The result is that independent producers need to explore other potential revenue streams to survive. Areas such as branded entertainment, which at its best can create outrageously good shows – for example, pretend-Australian beer Foster’s funding of Alan Partridge’s Mid-Morning Matters back in 2010 – but most often resemble glorified adverts for the travel sector or drinks industries.

Foster’s funded Alan Partridge’s Mid-Morning Matters as long ago as 2010
In the US, news broke last week that fast food outlet Chick-fil-A, the third-largest restaurant chain in the country, is set to launch its own streaming platform, going direct-to-consumer with a slate of originals like it’s 2018 all over again. Could Greggs, the UK bakery chain whose profits have soared since the pandemic, step up to the plate in the UK?
Other perhaps more realistic revenue streams available to UK indies include creating content specifically for YouTube, TikTok and other social video platforms, despite one panellist at ETVF last week admitting these apps are “re-wiring our brains” and “messing with our mental health.”
Meanwhile, just as YouTube once sponsored the ETVF, TikTok was this year’s sponsor of the Edinburgh Festival Fringe. The enormous arts festival simultaneously makes staying in the Scottish capital impossible for your average TV freelancer in the month of August but, in all its analogue glory, is refreshingly offline.
Around a quarter of a million people paying (varying amounts) of money to watch 45- to 60-minute performances without interruption by comedians and artists, plenty of whom will be in the early stages of their careers, should give some comfort to those despairing about the future of the entertainment industry.
Ironically, some of the most well-received comedians at this year’s Fringe have made a name for themselves on TikTok, highlighting the potential of a nascent ecosystem that TV producers must find a way to tap into.

James Graham gave this year’s MacTaggart
The long-term viability of the Fringe, of course, is an issue of its own and, similarly to the TV industry, the festival needs to take steps to prevent itself from becoming the preserve of middle-class people who can afford to roll the dice on such a financially precarious endeavour.
As C21’s Clive Whittingham made clear a year ago, and this year’s MacTaggart Lecture from writer James Graham also set out, the mass exodus of talent from the embattled British TV industry will only exacerbate existing problems around class and social mobility without a coordinated industry response.

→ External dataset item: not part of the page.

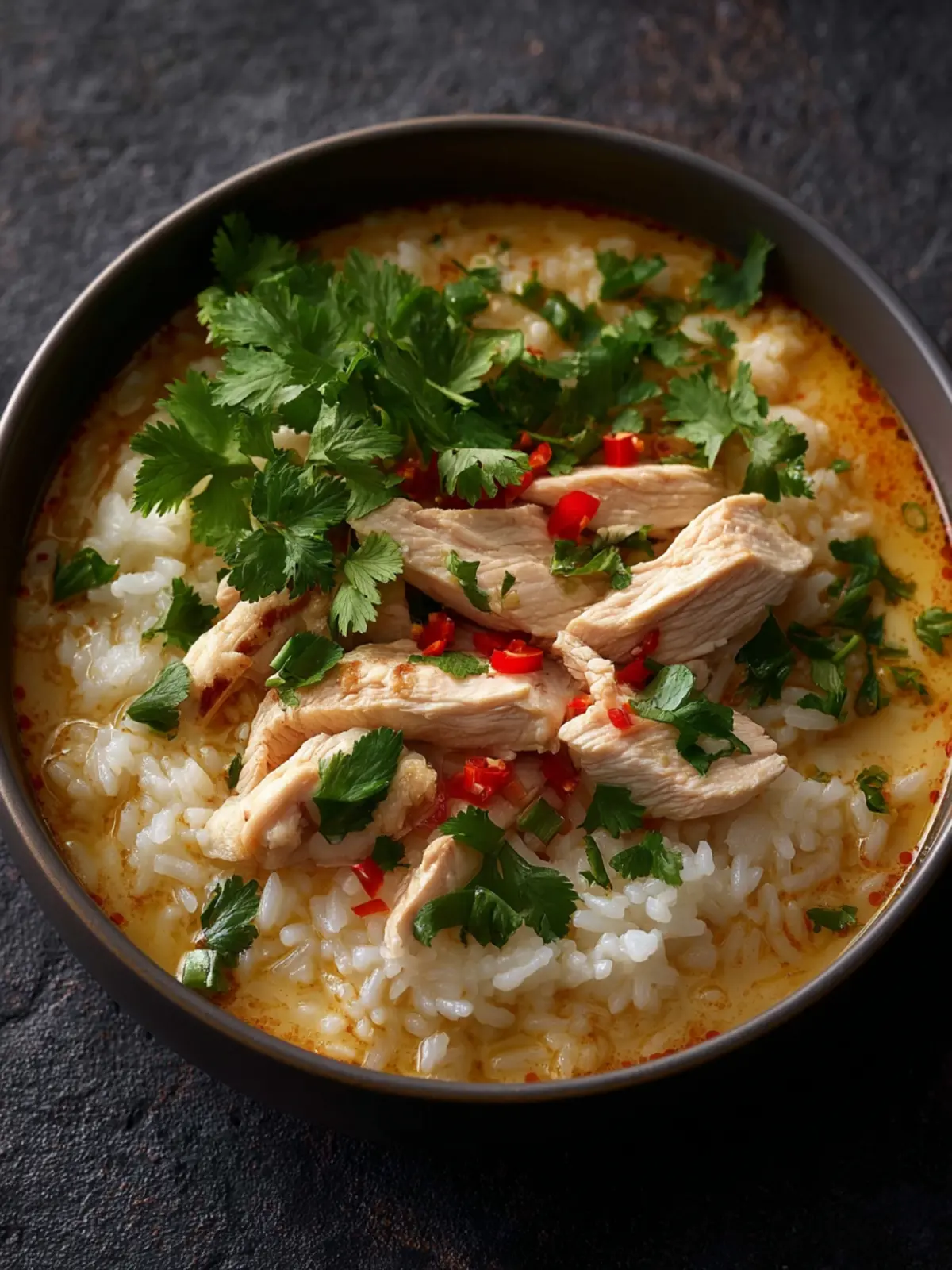 A sprinkle of coriander, turmeric, and fresh cilantro not only adds flavor complexity but also a burst of color to your Coconut Chicken Brothy Rice. Turmeric’s earthy notes complement the coconut milk perfectly, while cilantro introduces a fresh, herby kick.

The problem facing the industry, however, is that TikTok – the very platform taking up so much of its audience’s attention – is, according to a panel of digital experts at ETVF, already a meritocracy. Meanwhile, unlike BBC iPlayer or Netflix but similar to Instagram and YouTube Shorts, it is incredibly addictive. Not in a ‘just one more episode before bed’ kind of way but in a ‘dopamine spikes happening in quick succession altering our brain chemistry’ way. Looking back, it makes binge-watching a boxset of The Wire in the 2010s feel as refined as reading Moby Dick.

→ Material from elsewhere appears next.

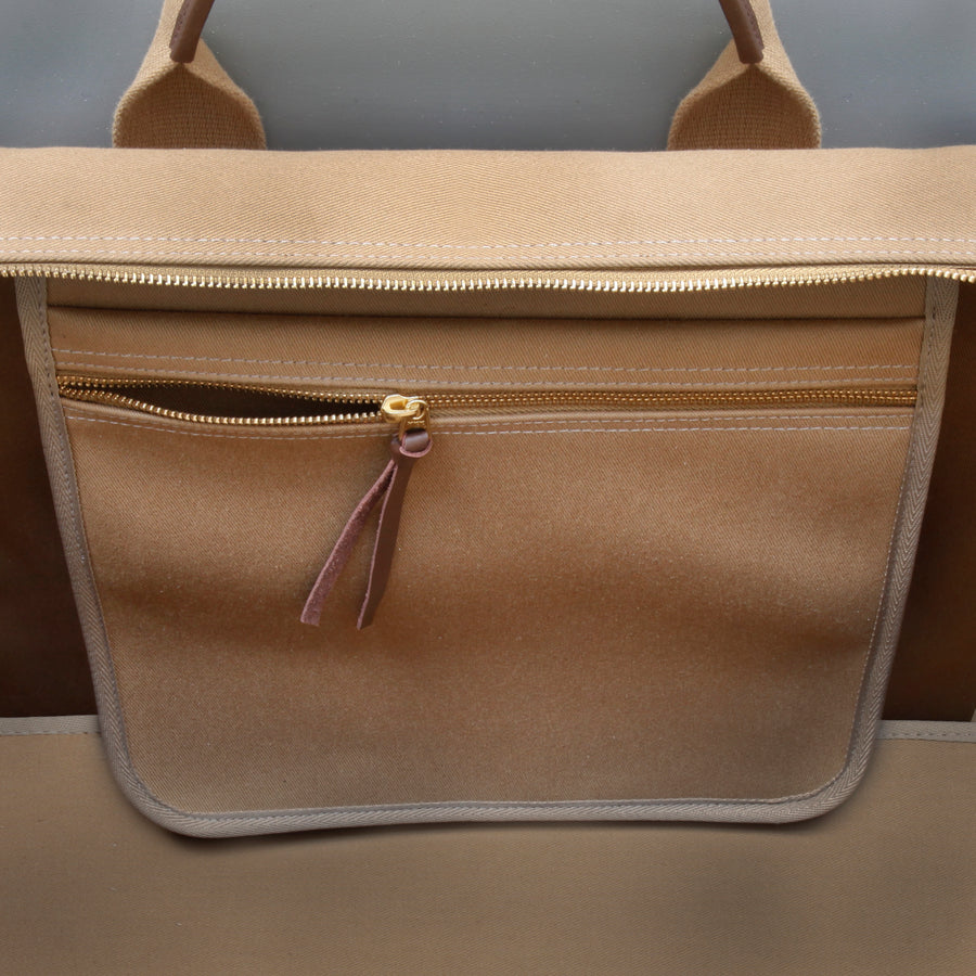 This classic holdall is handmade in England by Brady, from their signature bonded cotton canvas. It follows a traditional form, and has one large internal compartment with a smaller zip pocket inside. The bag has a detachable shoulder strap made from tough cotton webbing.

Moreover, the social video apps’ gatekeeper-less structures have put the ability to create audiovisual content in the hands of anyone with enough of an imagination to do it, regardless of which part of the country they grew up in or what school they went to. Video-based generative artificial intelligence tools have the power to supercharge that trend.

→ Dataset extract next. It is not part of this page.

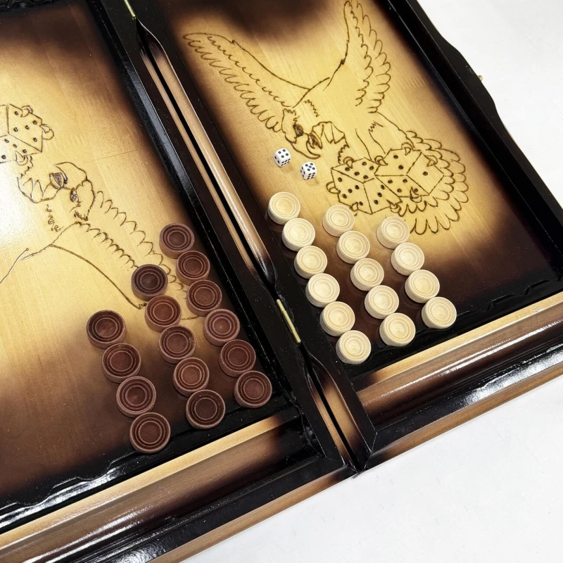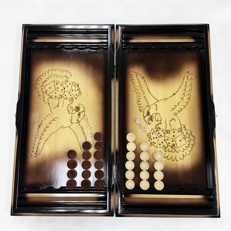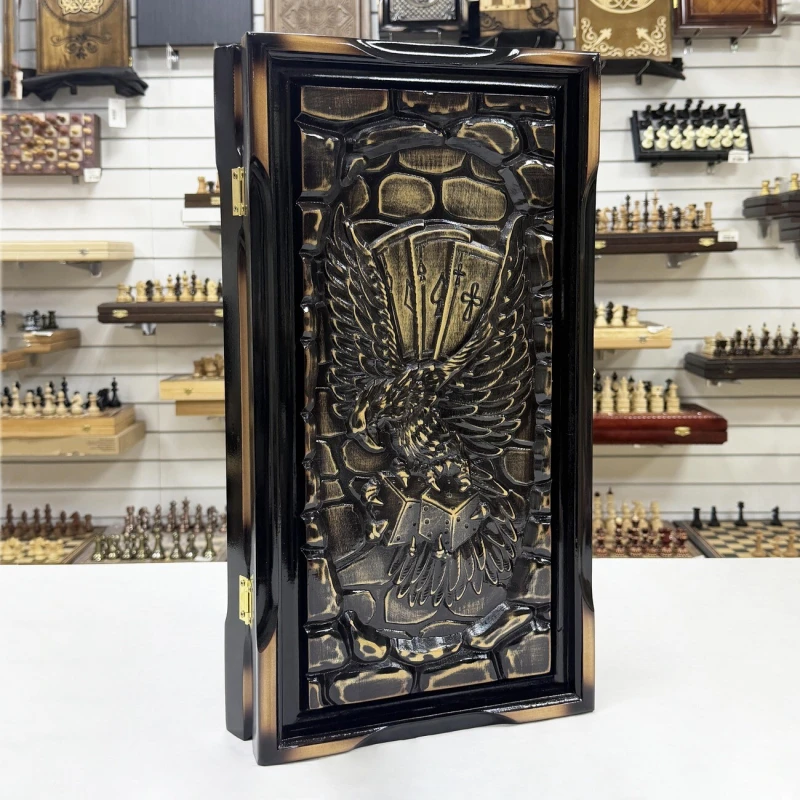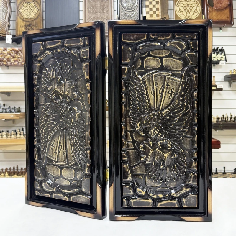 Эти нарды отличаются уникальным дизайном: резной рисунок рисунок и орнамент Беркута, что придает изделию современный и стильный вид. Высококачественные материалы гарантируют долговечность и прочность, а также приятные тактильные ощущения во время игры. В комплект входят фишки (32 шт.) и кости - 2 шт. Сделано в России.

One saving grace may be that the impact of technological change is often slower than we suspect. Mark Zuckerberg is still waiting for us to join him in the metaverse, after all. UK TV producers who have resisted downloading TikTok or launching a YouTube channel were told it’s not too late at ETVF last week. However, they might do well to download a meditation app at the same time if they value their mental health.